All three judges do a great job handling their dockets in an efficient and equitable manner. The court is very easy to work with in terms of rescheduling cases and going above and beyond to make sure that each case is handled with the proper care, which the client deserves.
As with the judges, the two prosecutors who handle cases at the 15th District Court are good to work with, and handle cases in a very fair manner for clients who deserve a certain result. If you’re charged with a misdemeanor in Ann Arbor, the prosecutor will either be the Washtenaw County Prosecutor’s Office or the City of Ann Arbor. This distinction comes down to the type of offense that you’re charged with, your criminal history and the arresting police agency.
As a general rule, if you’re arrested or issued a ticket by the Michigan State Police, the University of Michigan Police Department or the Washtenaw County Sheriff’s Office, the Washtenaw County Prosecutor’s Office will be the prosecutor. If you were arrested or issued a ticket by the Ann Arbor Police Department, your prosecutor will be the City of Ann Arbor.
In addition to the police agency, if you’re charged with domestic violence, repeat offense retail fraud, second offense drunk driving and most assault crimes, the Washtenaw County Prosecutor’s Office with be the prosecutor. As stated earlier, any felony is handled by Washtenaw, and not the City of Ann Arbor. The Ann Arbor court is night and day with some other courts in Michigan, and if you had to pick a court to have a case, this would probably be the best court in Michigan.
When charged with a crime in Ann Arbor, you may be issued a ticket on the spot with 10-14 days to report to the courthouse, or a report is created and the police officer may tell you that the case will be sent to the prosecutor for review. This review could take a few days, weeks or months, but either way it’s time to hire an attorney, and begin a proactive plan from day one. Here are some additional rules of thumb:
#1 - If you’re charged with a drunk driving offense, your first court date will be with Judge Burke for an arraignment.

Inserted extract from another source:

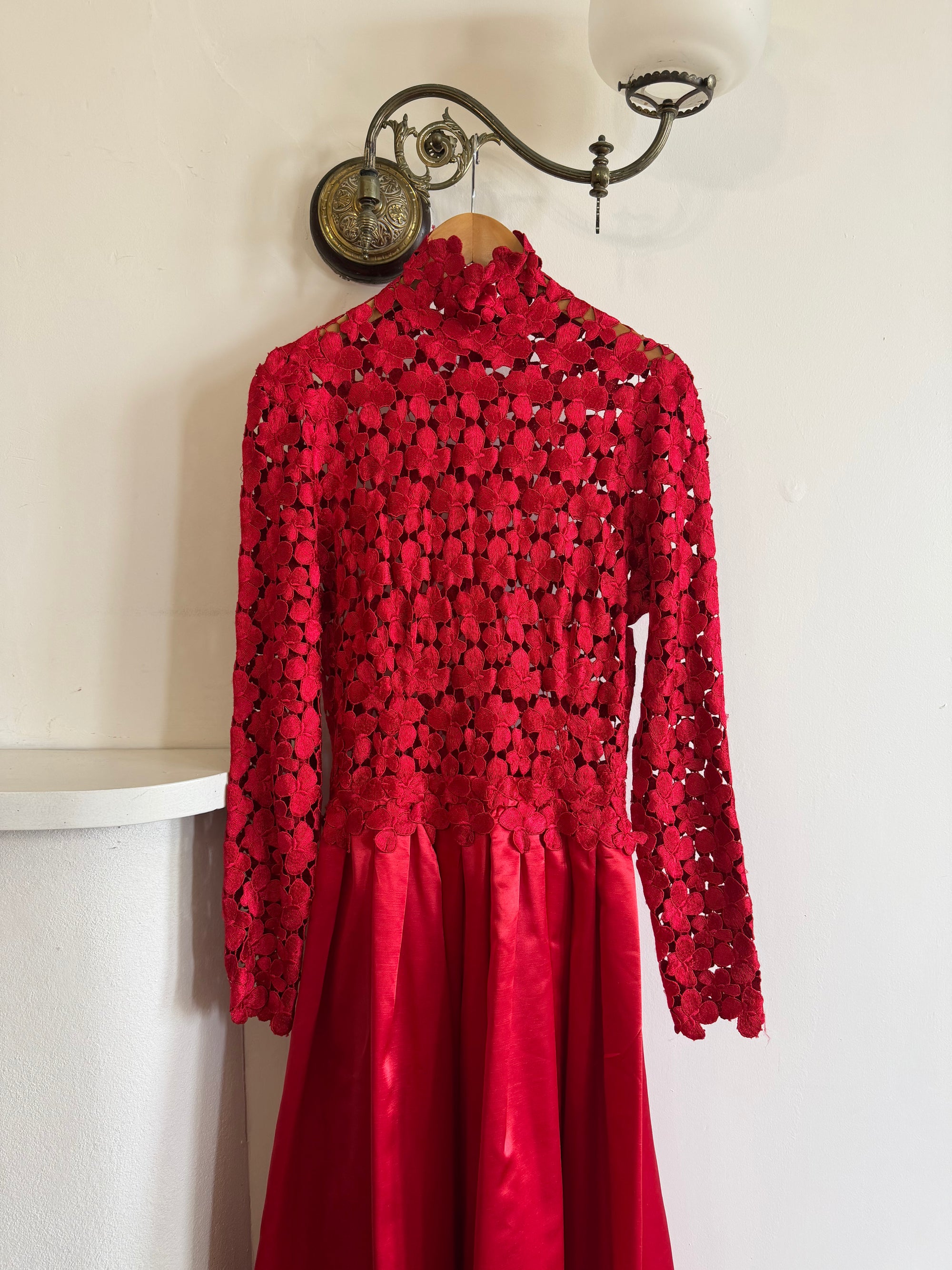Vintage 90s Silk Jacquard Petite Rose Wedding Dress

#2- If you’re charged with domestic violence, your first court date will be with Judge Hines for an arraignment.
#3 - If you’re charged with most other misdemeanors, your case may be assigned to Magistrate Tamara Garwood who will then send it either Judge Hines or Valvo.
An arraignment is a court date to hear your charges, and enter a plea or guilty or not guilty. If you plead guilty, you then have a criminal record for the crime you have been charged with without any “deal” in place. If you plead not-guilty, then you get a pretrial with one of the judges and one of the prosecutors. The prosecutor is NOT present at the arraignment, and it is simply a waste of time if you can avoid it.